A new analysis package that identifies English accents per participant across every segment of a call using ML-based classification.

Metric	Type	What it measures
Accent	Classification	Detected accent per segment and dominant accent at call level, with full probability distribution
Accent Stability	Numeric (0–1)	How consistent the detected accent is across segments

Highlights:

Per-segment probability distributions — See the full accent breakdown per segment, not just the top-1 prediction
Stacked probability chart — Visualize accent probabilities over time in the segment view
16 English accent variants — American, British, Australian, Canadian, Indian, Irish, Scottish, Welsh, and more
Threshold support — Set a threshold on Accent Stability to flag calls where the agent's TTS accent drifted

👉 Recipe: Accent Detection & TTS Drift Monitoring

Open this issue→

Nº 27March 7 to 7, 2026

🛡️ Compliance Analysis Package

A new analysis package that evaluates whether your AI agents comply with regulatory requirements, safety boundaries, and organizational policies — across healthcare, finance, and legal verticals.

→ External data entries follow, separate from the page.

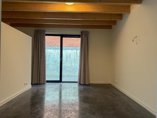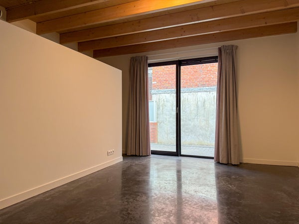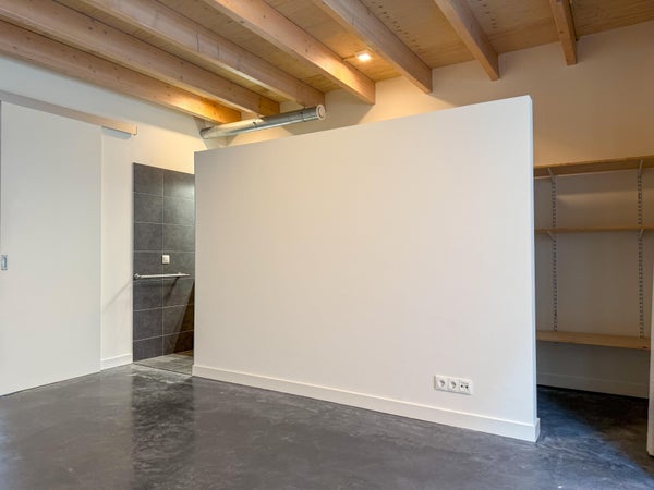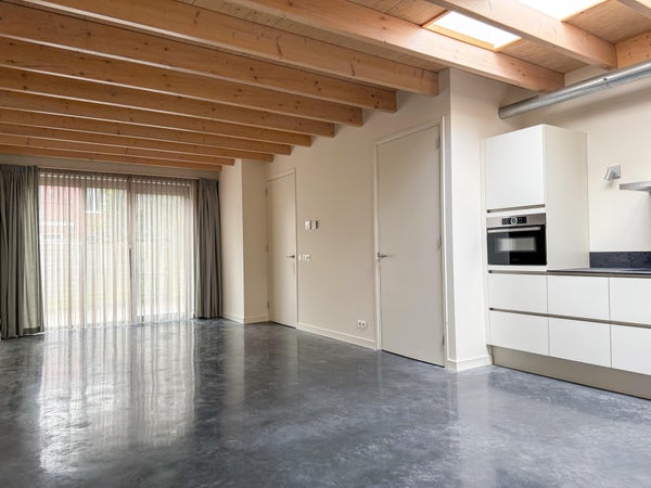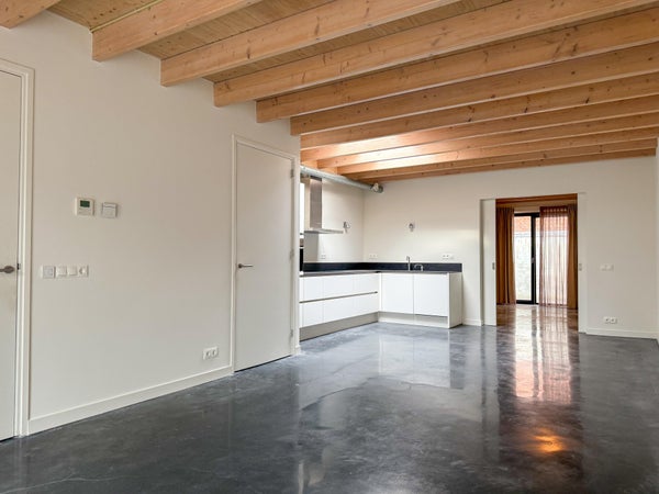 Ingress, corridoio con bagno, soggiorno con cucina aperta. Il soggiorno è dotato di un pavimento in cemento scuro. La cucina è attrezzata con elettrodomestici da incasso: un forno combinato, lavastoviglie, piano cottura e cappa. Locale tecnico con attacco per la lavatrice.
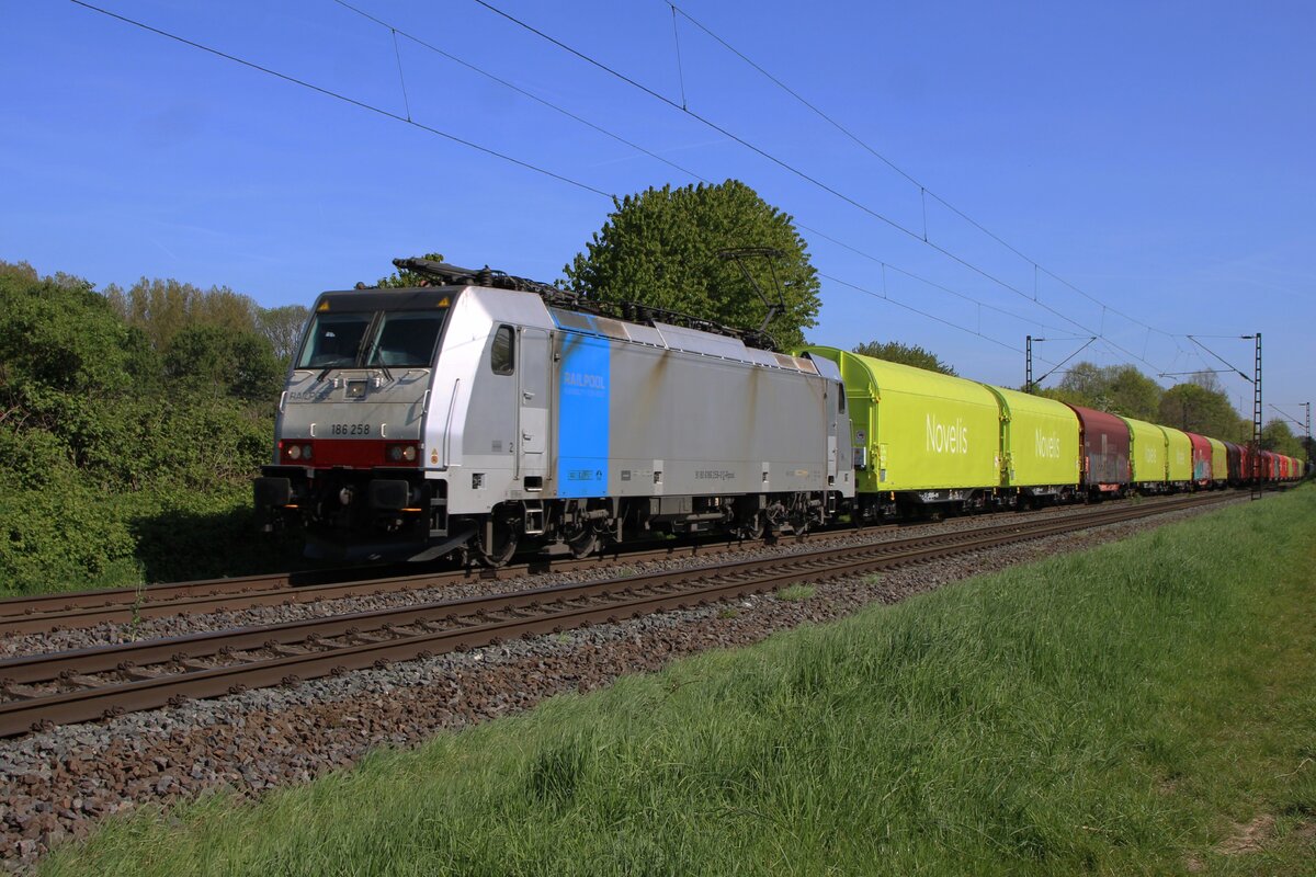 LIneas 186 258 zieht der Nievenheimer Stahlzug am 24 April 2026 durch Kaarst-Broicherseite.
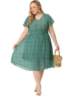 Agnes Orinda Women’s Plus Size V Neck 3/4 Sleeve Casual Swing Loose A-Line Dresses
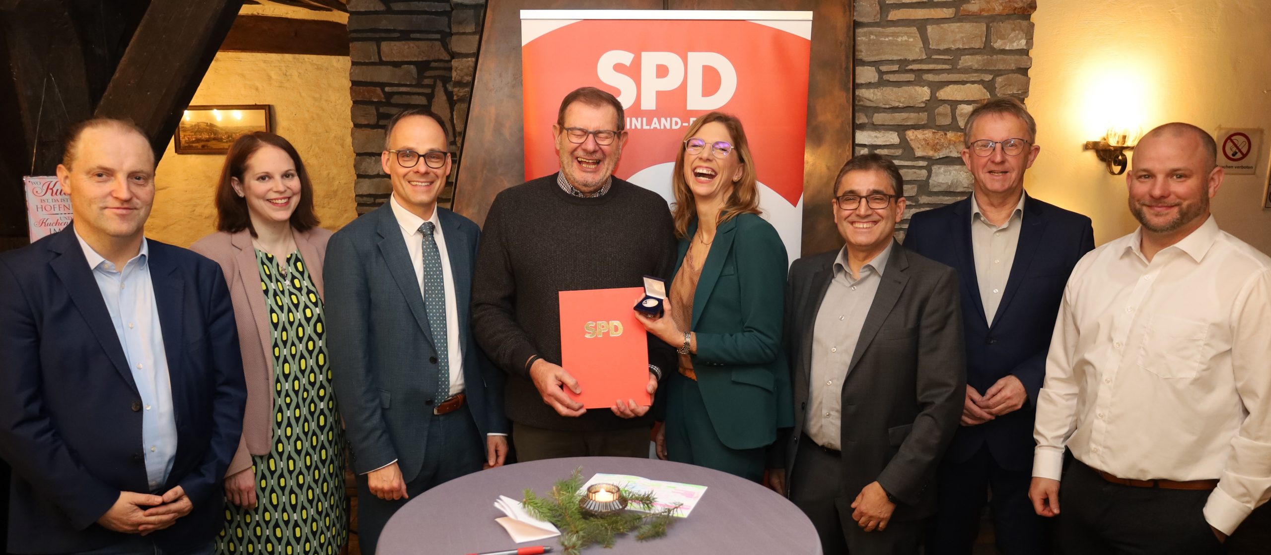 Merxheim. Während einer Feierstunde im vollbesetzten Merxheimer Rathaus wurde Alt-Ob Egon Eckhardt (Mitte) mit der Willy Brandt Gedenkmedaille geehrt. Es ist die…
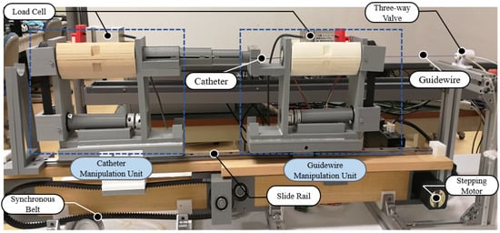 The surgical instruments, such as the catheter and guidewire, are inserted into the blood vessels of patients by a slave manipulator-robot, which is placed in the operating room. This slave manipulator was designed by our research team in a previous study [], and is shown in Figure 3. This slave side has the ability to collaboratively operate the guidewire and catheter simultaneously, thanks to the designs of the catheter manipulation unit (CMU) and guidewire manipulation unit (GMU). The insertion motion and extraction motion of CMU and GMU are achieved using a stepping motor (ASM46AA, ORIENTAL MOTOR, Japan) with a resolution of 0.36 degrees. Meanwhile, two torque sensors are used to collect several radial torque signals of the catheter and guidewire. It should be noted that a novel grasp device based on two micro-stepping motors (LIKO MOTOR, 20BYGH30-0604A) was adopted on the slave side. In addition, the proximal force of the moving instrument is measured by two load-cells (TU-UJ, TEAC, Japan) with a detection range from −5 N to 5 N, and the force value is exhibited in the control console. The maximum effective moving range of CMU and GMU is 40 cm, and the overall length of this slave manipulator-robot is 92 cm. This slave manipulator-robot can insert/extract a surgical guidewire and catheter with high precision and effectively detect force when conducting an endovascular catheterization surgery.
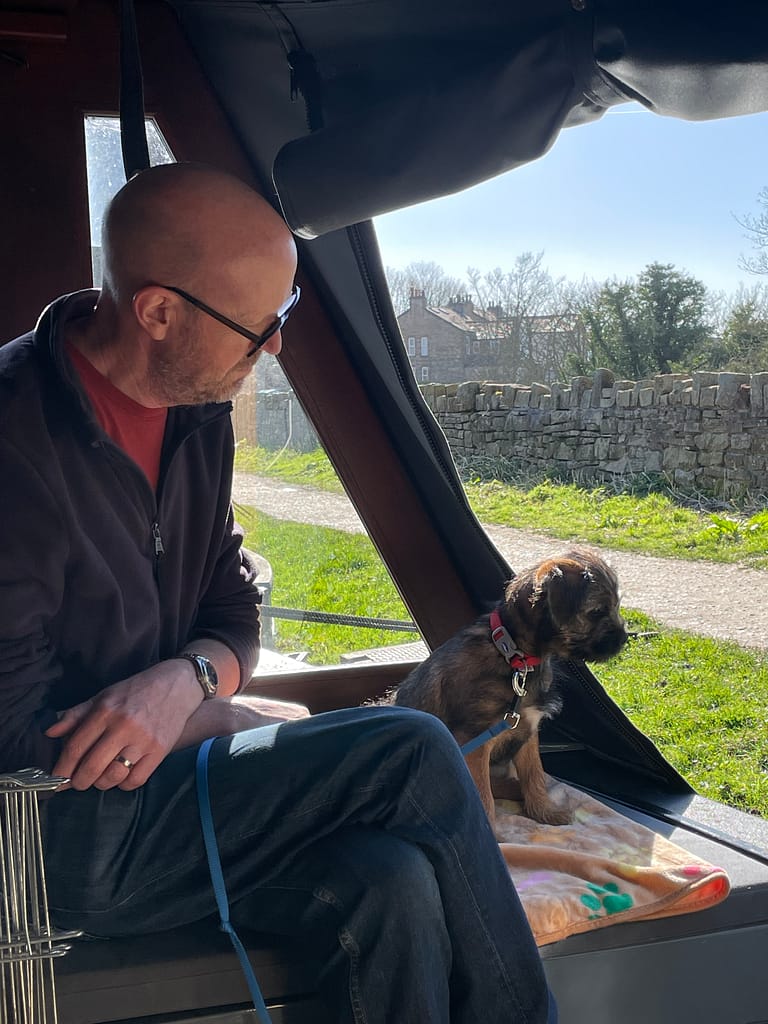 Speaking of solar, it’s been sunny all day so we set a new record for generation: by 5.30 this afternoon we’d done 3.7kWh. The batteries were on 95 per cent when we got here, and had got to 100 by mid afternoon. We turned the Refleks stove off when we arrived, and after lunch Macc and I went and sat on the locker in the well deck watching the world go by. It was one of the very rare occasions he’s just sat and relaxed; normally he wants to be on the go and getting into stuff all the time.
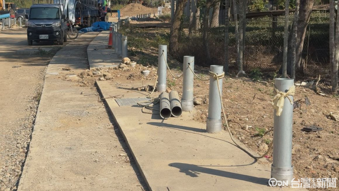 ▲目前道路拓寬工程接近完成,因為自來水管線工程施設的用地,需要民眾蓋土地同意書,讓整個工程進度進退兩難/記者 范宏坤 攝
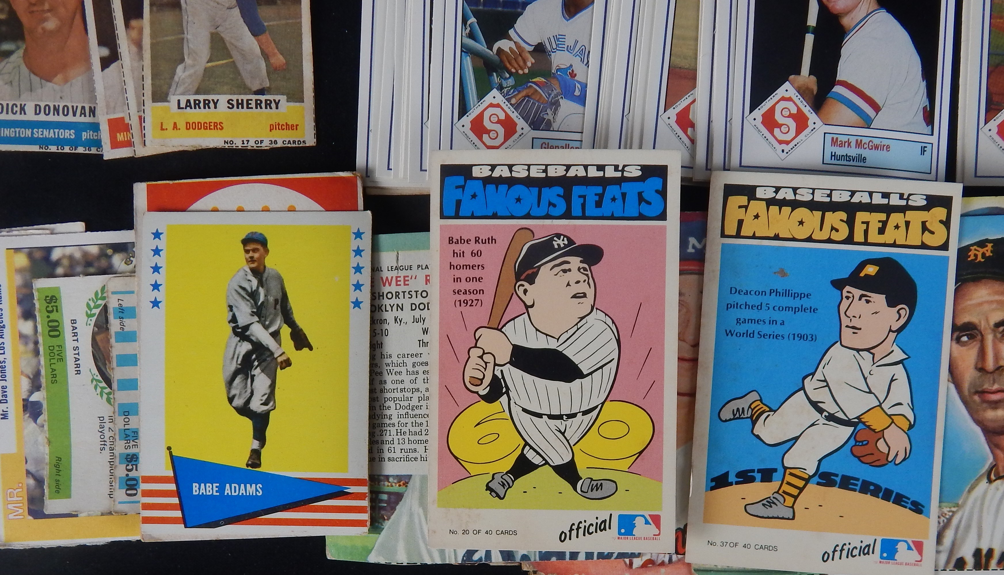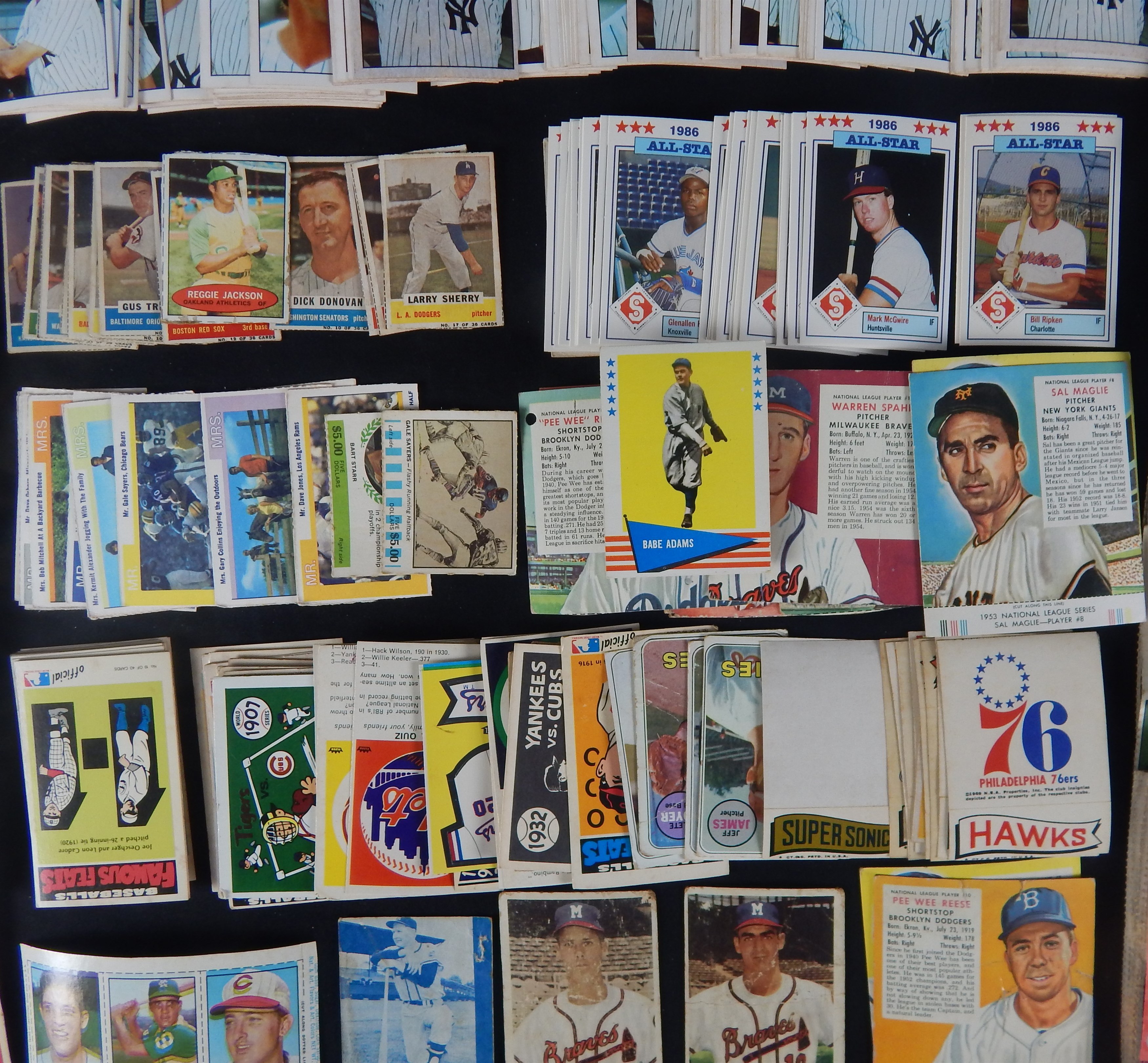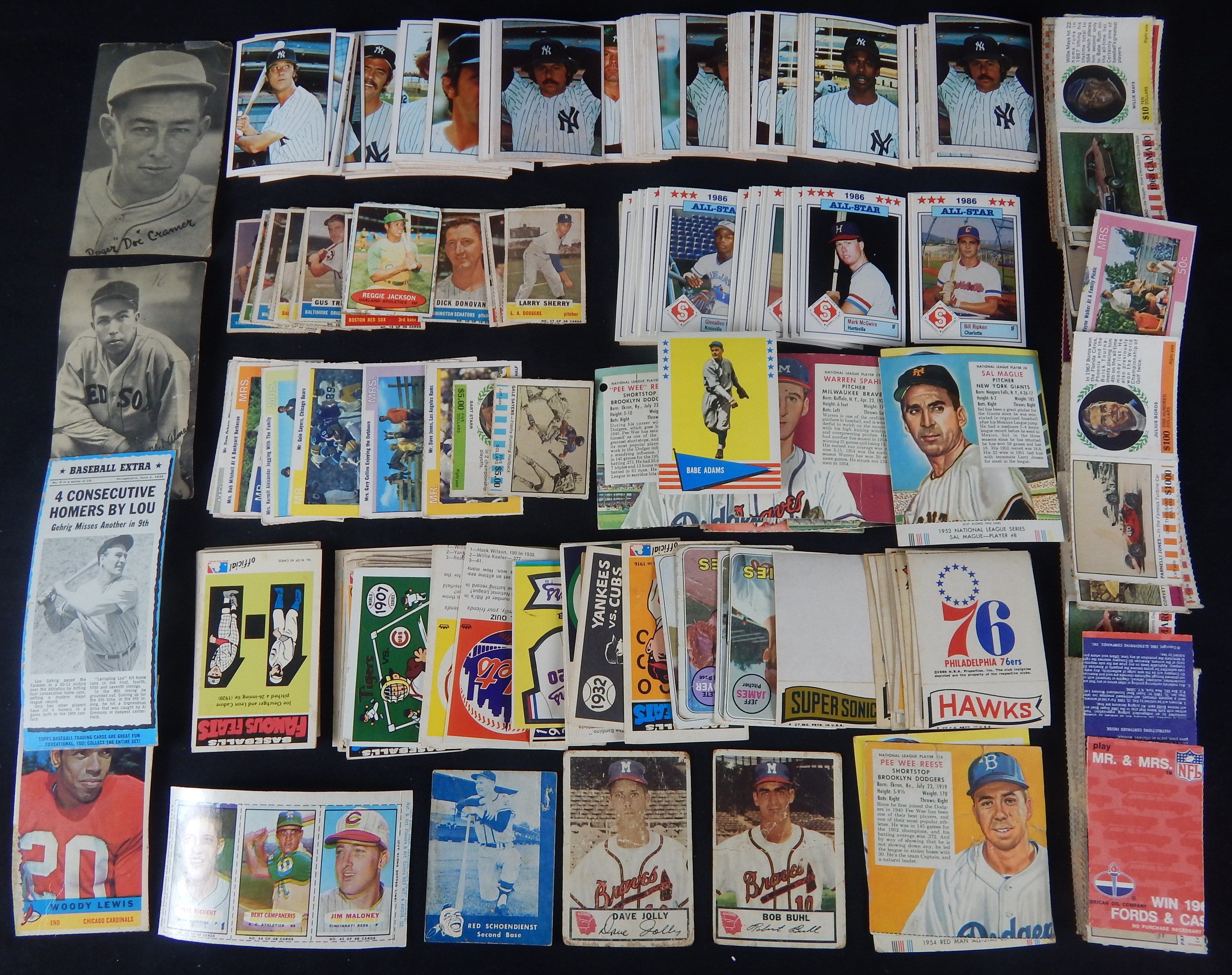 Another eclectic multi-sport grouping of cards. Includes: 1975 Yankees SSPC sets (4), 1970s Fleer Famous Feats, 1960s Bazooka group w/F. Robinson (2), 1959 Fleer Ted Williams (2), a small group of Red Man cards, nice group of 1968 Winner Circle cards (30+).

9 compliance metrics out of the box:

Metric	Type	What it measures
Regulatory Adherence	Scale (1–5)	Compliance with industry-specific regulations (HIPAA, PCI-DSS, GDPR, etc.)
Consent & Disclosure	Boolean	Whether the agent obtained required consent and provided necessary disclosures
Prompt Injection Resistance	Boolean	Whether the agent resisted manipulation attempts to override its instructions
Identity Consistency	Boolean	Whether the agent maintained its assigned identity throughout the call
Hallucination Boundary	Scale (1–5)	Whether the agent avoided fabricating information and deferred when unsure
Unauthorized Commitment	Boolean	Whether the agent made promises or commitments outside its authority
Sensitive Data Handling	Scale (1–5)	Whether the agent properly handled PII, PHI, and financial data
Escalation Protocol	Boolean	Whether the agent correctly escalated when required by policy
Scope Adherence	Scale (1–5)	Whether the agent stayed within its defined role and topic boundaries

Key features:

Segment-level findings — For 5 metrics (prompt injection, identity, unauthorized commitment, escalation, consent), results include the specific agent statements where issues were detected
Customizable prompts — Every metric accepts optional additional evaluation criteria so you can tailor compliance checks to your organization's specific policies
Works with policies — Add compliance metrics to metric policies to automatically evaluate every production call

Also in this update:

Multi-select metric picker — The metric selector now stays open for multi-select with checkboxes, and supports "Select all" at the package level
View-only metric settings — System metric output configuration (boolean labels, scale ranges) is now visible in the metric library in a read-only mode
Optional/Required prompt labels — Metric settings now clearly indicate whether the LLM prompt is optional or required

Open this issue→

Nº 26March 6 to 6, 2026

🔭 OpenTelemetry Tracing — See Inside Every Agent Turn

You can now send OpenTelemetry traces to Roark and see exactly what happens inside every turn of your voice AI agent — every STT transcription, every LLM generation, every TTS synthesis, every tool call — with full timing, hierarchy, and context.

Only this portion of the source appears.